My poor Miss Vendetta has a full blown out break of Lymes. She had a bout with it earlier this year and she got over it quickly. She has been off kind of for a few weeks. Mainly she was just not wanting to play in the am. She has always been a high energy dog. Playing fetch three times a day, going for walks, swimming, among her agility, rally, and now at home flyball games. I didnt know what was wrong with her. Hard to take to vet when she is eating fine, drinking fine, all her stools and urine looked okay. She was still very active in the afternoon and evening hrs. No temp nothing really seemed wrong it was just that when you know your dog you know something isnt right but you cant pin point it. Well monday she was limping on front foot I thought maybe she hurt it playing fetch on sunday she played three times and she was running full speed doing funky turns and stuff just being Vendetta. Now she cant walk very well at all. She is crying out when you try to move her. She is stiff in all of her limbs. She wouldnt eat this am. I carried her down stairs glad she is only 52# not light but manageable. She was put on doxicycline and doggy asprin( could have rymidyl(sp?) but i think the asprin will be fine I can get the other stuff later if I need it. Hope my girl pulls through this quickly.

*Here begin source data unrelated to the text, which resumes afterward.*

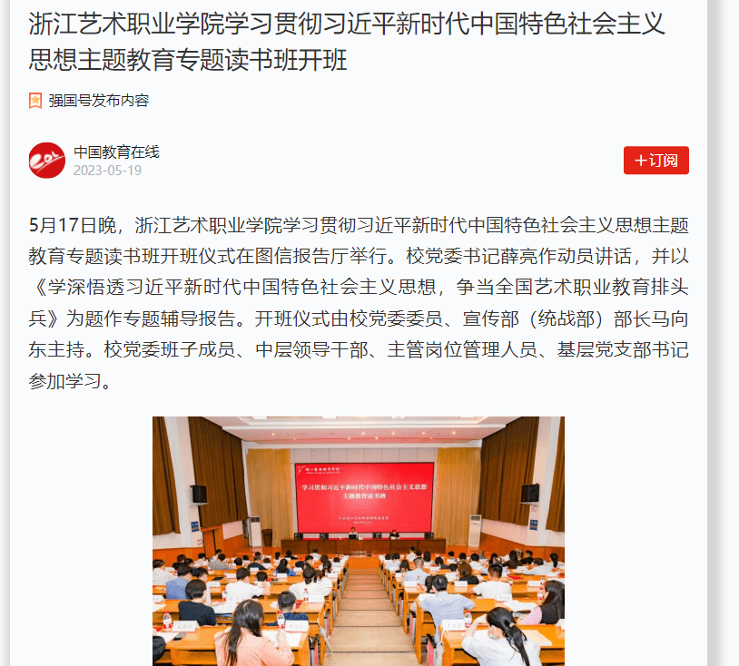 薛亮作读书班首场专题辅导报告。他从准确把握当代中国的历史方位、深刻理解习近平新时代中国特色社会主义思想的丰富内涵等两个方面深刻阐述了习近平新时代中国特色社会主义思想的重大意义和历史地位。他结合学校实际,希望读书班全体学员以坚持立德树人根本任务、坚持产教融合校企合作、坚持“双高”引领提质培优、坚持做强中职做大高职、坚持文旅融合守正创新、坚持大抓基层重抓党建等“六个坚持”为指导,在人才培养、课程建设、学科建设、师资队伍建设、特色教学资源开发与利用等方面融会贯通,持续推动学校“十四五”高质量发展,努力争当全国艺术职业教育排头兵。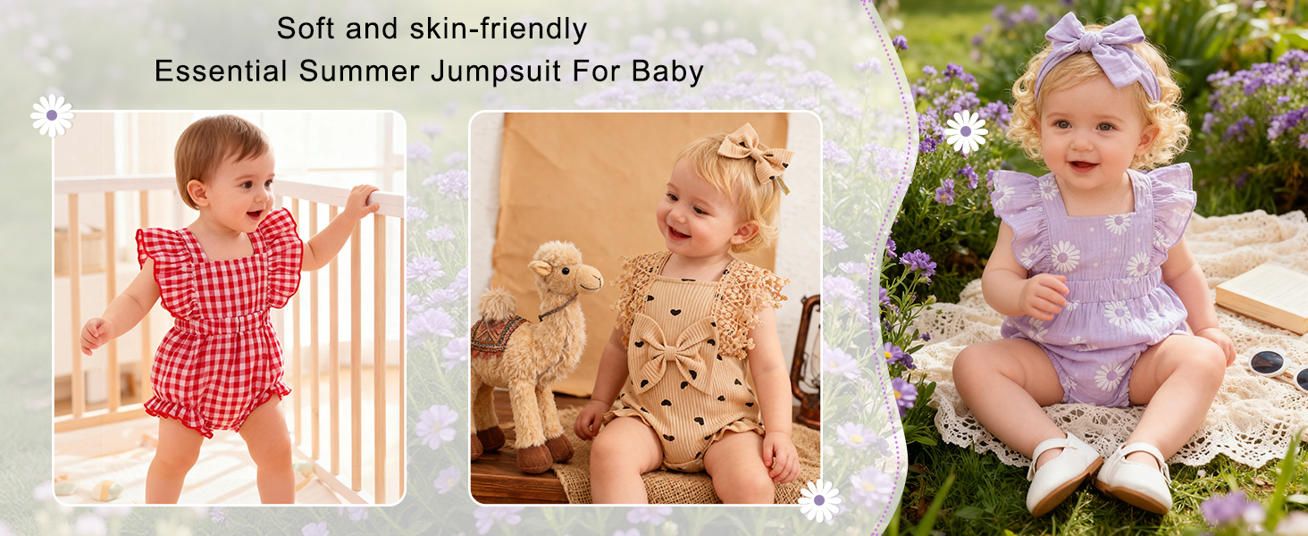 🎈رومبير للفتيات الصغيرات مع إغلاق سفلي مريح: تغيير الحفاضات بسهولة، مزيج مثالي من العملية والأناقة. تتميز عصابة الرأس بتصميم حزام قابل للتعديل، والذي يتكيف بسهولة مع محيطات الرأس المختلفة.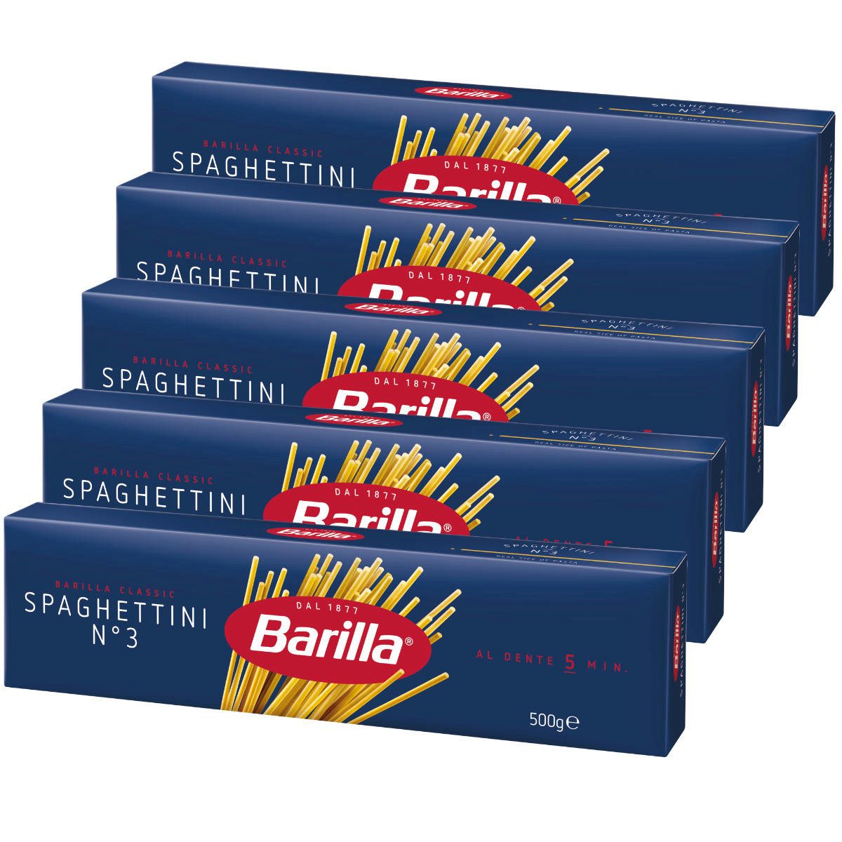 | Bezeichnung des Lebensmittels | Barilla Spaghettini Nummer 3 Hartweizennudeln Pasta 500g 5er Pack |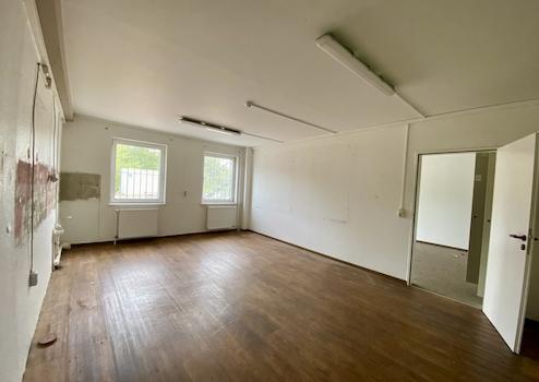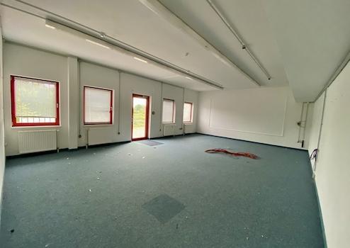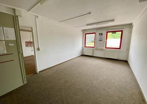 Die Büroflächen im Obergeschoss sind mit Teppichboden ausgestattet und bieten eine angenehme und professionelle Arbeitsatmosphäre.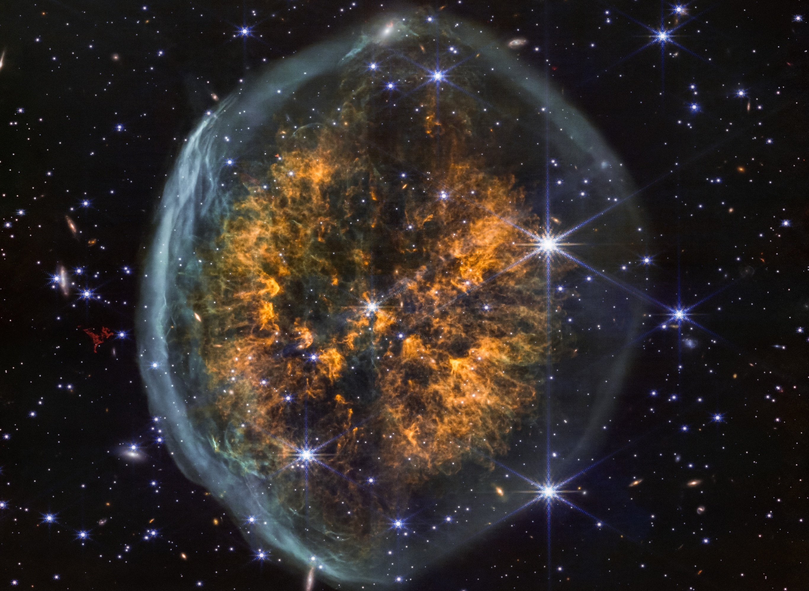 欧空局公布一张 JWST 太空望远镜拍摄的室女座「NGC 5134」螺旋星系照片。该星系距离地球约6500万光年,直径超过4万光年,拥有活跃的星系核和清晰的旋臂结构。这张照片由 JWST 望远镜搭载的中红外成像仪(MIRI)和近红外相机(NIRCam)观测数据合并而成,红色区域是星系中的气体和尘埃云,明亮光点是恒星和星团。摄影师:ESA

Taken this morning. doesnt she look sad.


----------



## LeEsco (Aug 28, 2011)

Definitely lots of prayers and healing thoughts being sent your way. Hope Miss Vendetta gets better quickly...Please keep us posted


----------



## Black Rabbit (Nov 14, 2009)

poor Miss V. I hope she feels better soon. Dosia sends her kisses.


----------



## angelbaby (Feb 4, 2010)

awww pooor Miss. V, Hope she pulls through fast , will send good thoughts your way


----------



## performanceknls (Apr 4, 2009)

Differences aside I hope she recovers quickly. Poor girl she looks so sad she cannot go play.


----------



## ames (Jun 6, 2010)

oh no! Poor girl, I hate seeing happy healthy pups in pain. I hope she is better quickly!!


----------



## MY MIKADO (Apr 7, 2006)

Thank you everyone. Thanks Lisa we may not agree but I do care about your dogs too. Well my girl is no better tonight. She wont come out of her kennel. She did eat. I bought her pedigree little champion pouches and she went to town. She drank a bit of water about an hr ago. I just got home and gave her her second dose of meds. She is crying in pain if I try to move her. Will carry her upstairs again tonight. 

Thank you all for the well wishes.


----------



## ames (Jun 6, 2010)

MY MIKADO said:


> Thank you everyone. Thanks Lisa we may not agree but I do care about your dogs too. Well my girl is no better tonight. She wont come out of her kennel. She did eat. I bought her pedigree little champion pouches and she went to town. She drank a bit of water about an hr ago. I just got home and gave her her second dose of meds. She is crying in pain if I try to move her. Will carry her upstairs again tonight.
> 
> Thank you all for the well wishes.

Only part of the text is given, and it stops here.